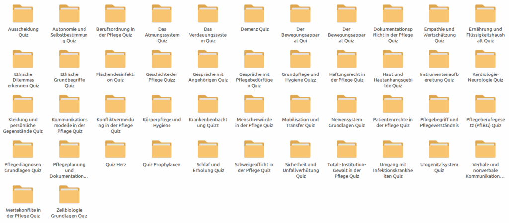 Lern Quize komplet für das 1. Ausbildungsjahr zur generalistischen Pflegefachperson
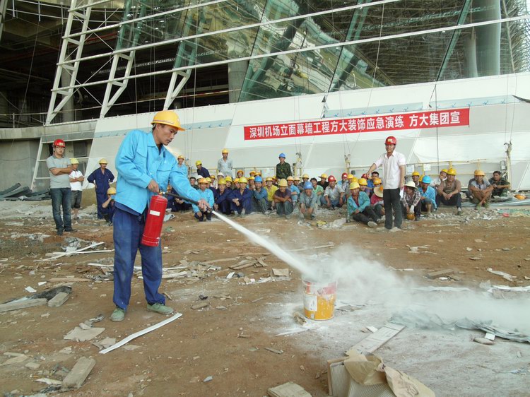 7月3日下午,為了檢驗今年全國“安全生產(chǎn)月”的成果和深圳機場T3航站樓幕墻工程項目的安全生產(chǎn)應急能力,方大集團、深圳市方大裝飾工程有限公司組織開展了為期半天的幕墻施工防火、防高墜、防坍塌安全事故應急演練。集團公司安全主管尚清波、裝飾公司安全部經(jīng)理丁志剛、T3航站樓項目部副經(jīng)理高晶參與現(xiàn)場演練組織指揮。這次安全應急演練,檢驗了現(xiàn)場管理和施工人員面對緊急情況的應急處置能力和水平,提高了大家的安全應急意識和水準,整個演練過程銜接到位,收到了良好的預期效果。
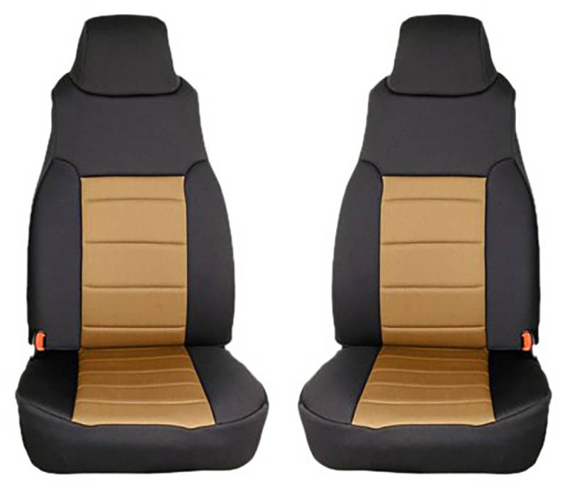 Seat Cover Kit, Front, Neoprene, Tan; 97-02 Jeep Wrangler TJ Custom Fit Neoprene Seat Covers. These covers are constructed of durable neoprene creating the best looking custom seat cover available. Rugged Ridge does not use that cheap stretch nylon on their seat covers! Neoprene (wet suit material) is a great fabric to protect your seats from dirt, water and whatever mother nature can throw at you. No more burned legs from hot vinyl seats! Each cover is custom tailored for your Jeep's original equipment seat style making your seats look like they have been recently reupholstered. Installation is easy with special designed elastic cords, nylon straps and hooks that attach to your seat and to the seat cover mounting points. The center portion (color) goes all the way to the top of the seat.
┄┄┄┄┄┄
(Your objective): The answer is the lines above, word for word, from the first one through the one containing "7月3日下午,為了檢驗今年全"; it includes no pictures.

(Solution):
 Lern Quize komplet für das 1. Ausbildungsjahr zur generalistischen Pflegefachperson
 7月3日下午,為了檢驗今年全國“安全生產(chǎn)月”的成果和深圳機場T3航站樓幕墻工程項目的安全生產(chǎn)應急能力,方大集團、深圳市方大裝飾工程有限公司組織開展了為期半天的幕墻施工防火、防高墜、防坍塌安全事故應急演練。集團公司安全主管尚清波、裝飾公司安全部經(jīng)理丁志剛、T3航站樓項目部副經(jīng)理高晶參與現(xiàn)場演練組織指揮。這次安全應急演練,檢驗了現(xiàn)場管理和施工人員面對緊急情況的應急處置能力和水平,提高了大家的安全應急意識和水準,整個演練過程銜接到位,收到了良好的預期效果。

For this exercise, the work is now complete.